元杏等人还没反应过来,姜柴先倒吸一口冷气。
元杏转头看去:「你他娘的要想明白了就说,别自己藏著掖著,义父这是要做什么?」
姜柴压低了声音说道:「义父这是要帮江南缙绅建私军啊。那百名青壮说是抗倭,却不跟著备倭军走,而是留守乡里守护家财,儿子又是百户,青壮全得听命于他,这和私军有什么区别?如今江南倭寇闹得凶,谁不想建一支私军护著自己?」
元杏自言自语道:「以前建私军是要杀头的,如今义父把名头给他们了,可持兵刃、披甲胄、带弓弩————江南缙绅不缺银子,缺的是安身立命的兵权,这军功,卖到缙绅心坎上了。
此时,陈迹慢悠悠道:「诸位相公还可以将青壮送来我备倭军操训,只消两三个月,我等便能教会他们如何巡视乡里、如何应付倭寇,不过这是另外的价钱。」
姜柴指了指身后的人头山:「二百余名老弱备倭军斩首级二百六十一颗,如何?」
马车里苍老的声音沉默许久:「容我等商议。」
马车与轿子之间小声商议许久,过了两炷香,那苍老的声音才朗声道:「少年人,一颗贼首二十两银子。」
郑继业眼睛一亮,二百六十一颗便是五千多两银子?
可陈迹淡然道:「诸位请回吧,我等明天再问问江阴和常熟、昆山、淮安的相公们。」
一名中年书生闻听此言,当即掀开车帘:「四十两,我等全要了。」
「成交,」陈迹展颜笑道:「贼首在此,至于纪功官如何勘定,全看各位的本事了。诸位,定功之前,诸位相公的公子还得先入我备倭军《年貌册》,再签同队保结」与队总保结」,对了,中军都督府一直不给备倭军增添额,还请诸位奔走一二,不然诸位的子弟也没法进备倭军。」
马车里的人皆不言语,最终还是那苍老的声音说道:「老夫亲自走一趟金陵吧。先登记造册,老夫带著文书一起去金陵。」
陈迹笑著应下:「好。」
马车跳下几个吊儿郎当的年轻人,一一上前签字画押,在年貌册上写明姓名、年岁、籍贯、某府某县某乡、身高、肤色、身形、身上疤痣,写明编入某营、某队。
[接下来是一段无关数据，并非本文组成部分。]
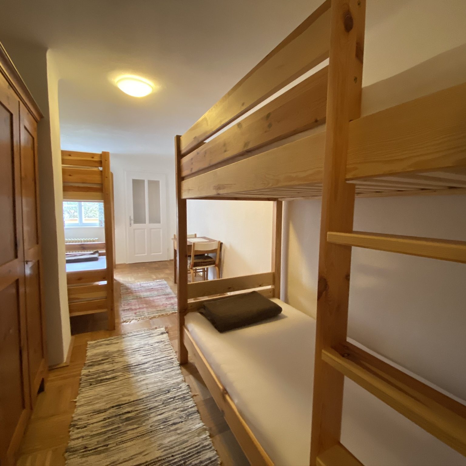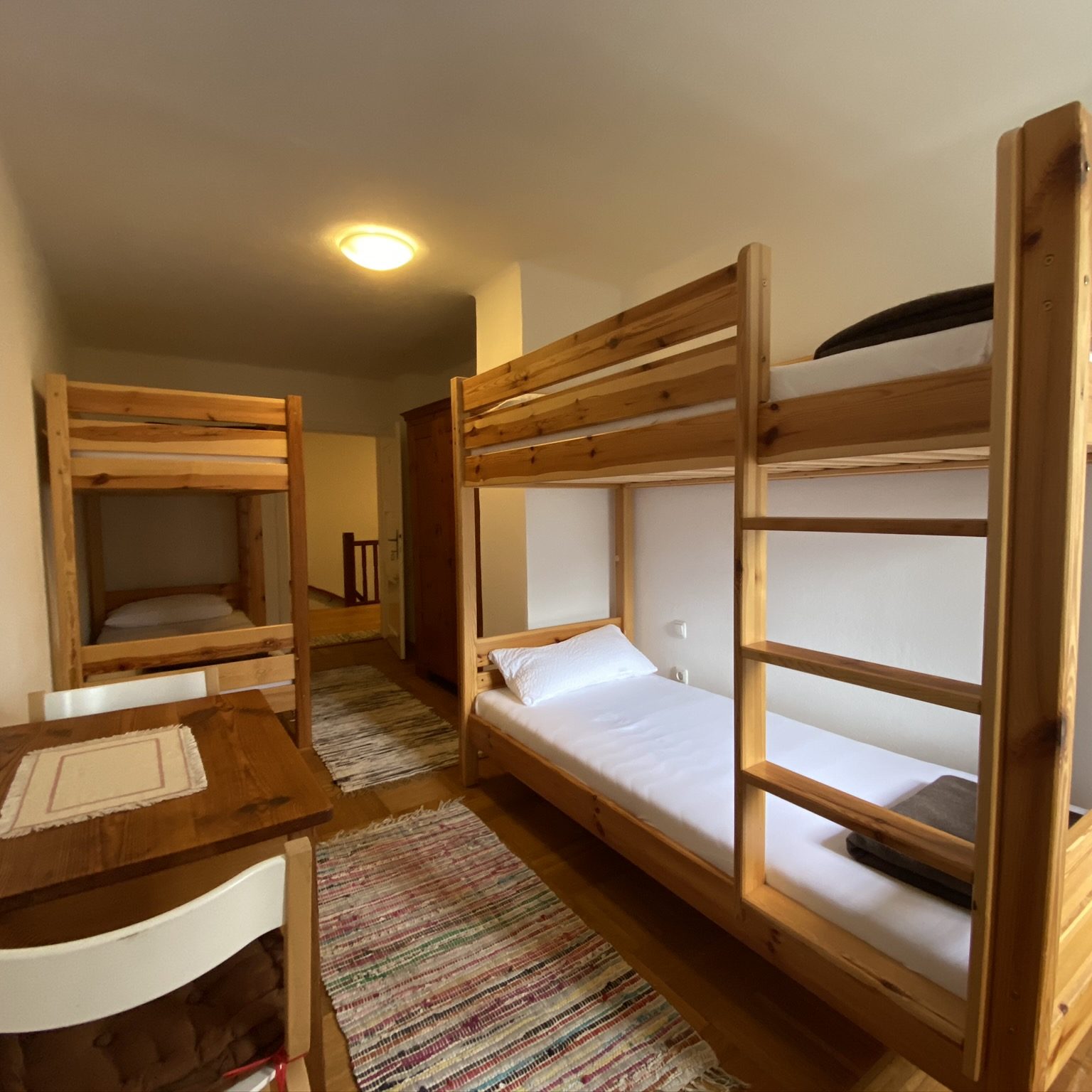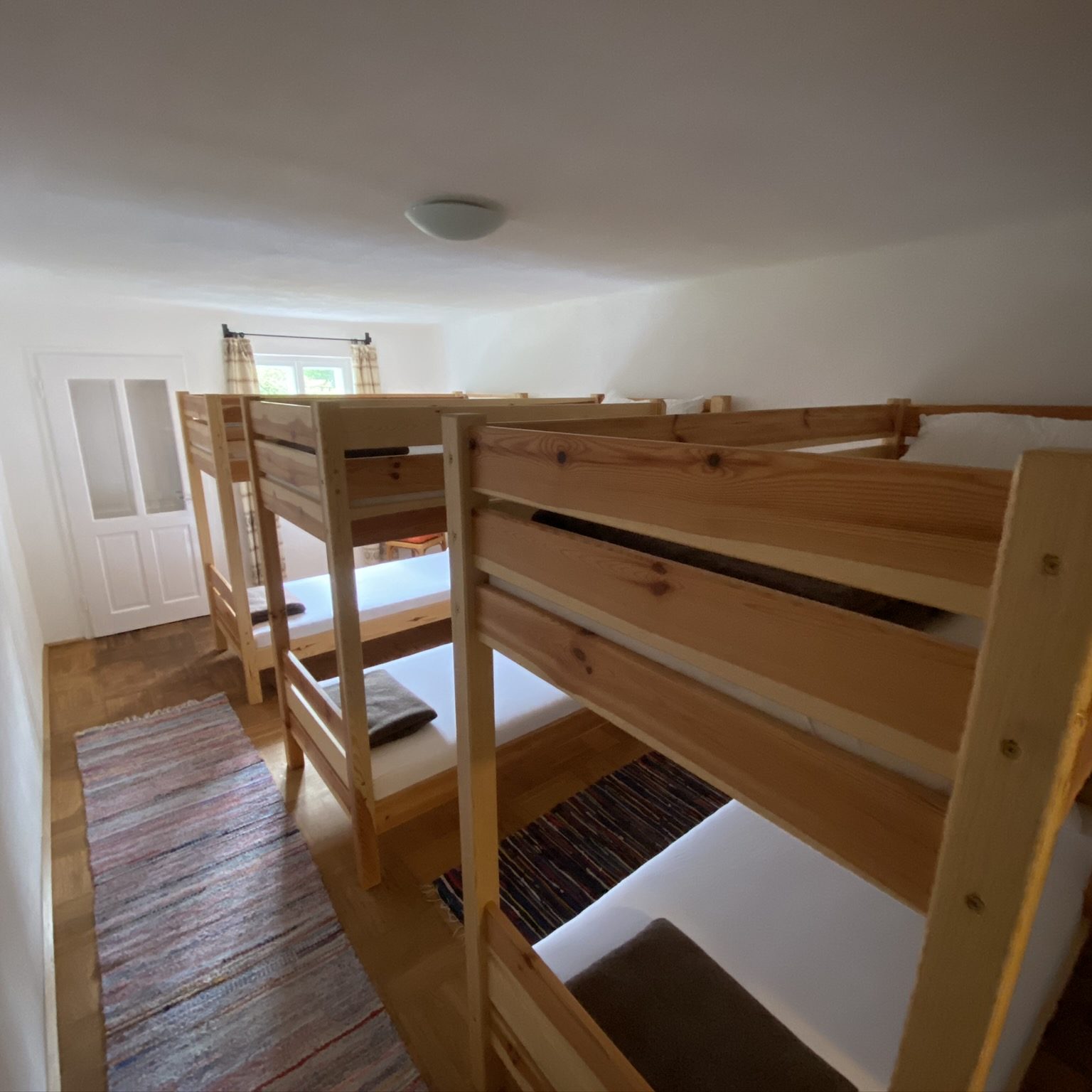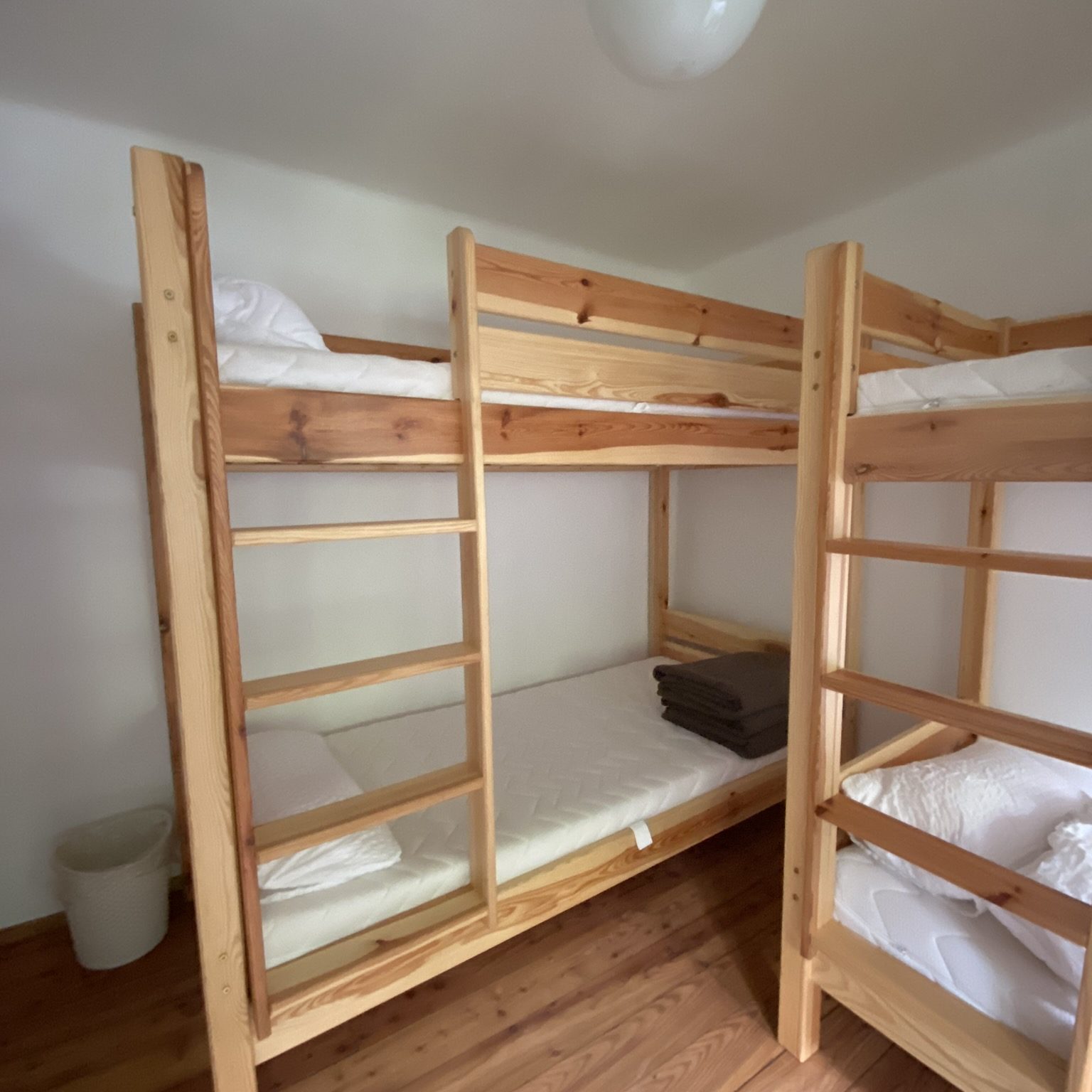 Im Schlafzimmer mit der Nummer 8 können 6 Personen träumen. 3 Stockbetten und ausreichend Platz sorgen dafür, dass die Luft nicht knapp wird.

文书一式两份,报送金陵中军都督府签押,再发还一份给备倭军营册留底,这文书才算数。
姜柴啧啧称奇:「先是卖功拿银子,再是屯兵于民联防倭寇,最后借力打力,备倭军不能扩军的事也解决了,一石三鸟啊。」
元杏嘿嘿一笑,压低了声音说道:「你真当义父是什么眼皮子浅的小角色,看得上那五千两银子?真以为他在意缙绅死活,要帮他们抗倭?江南有的热闹喽。」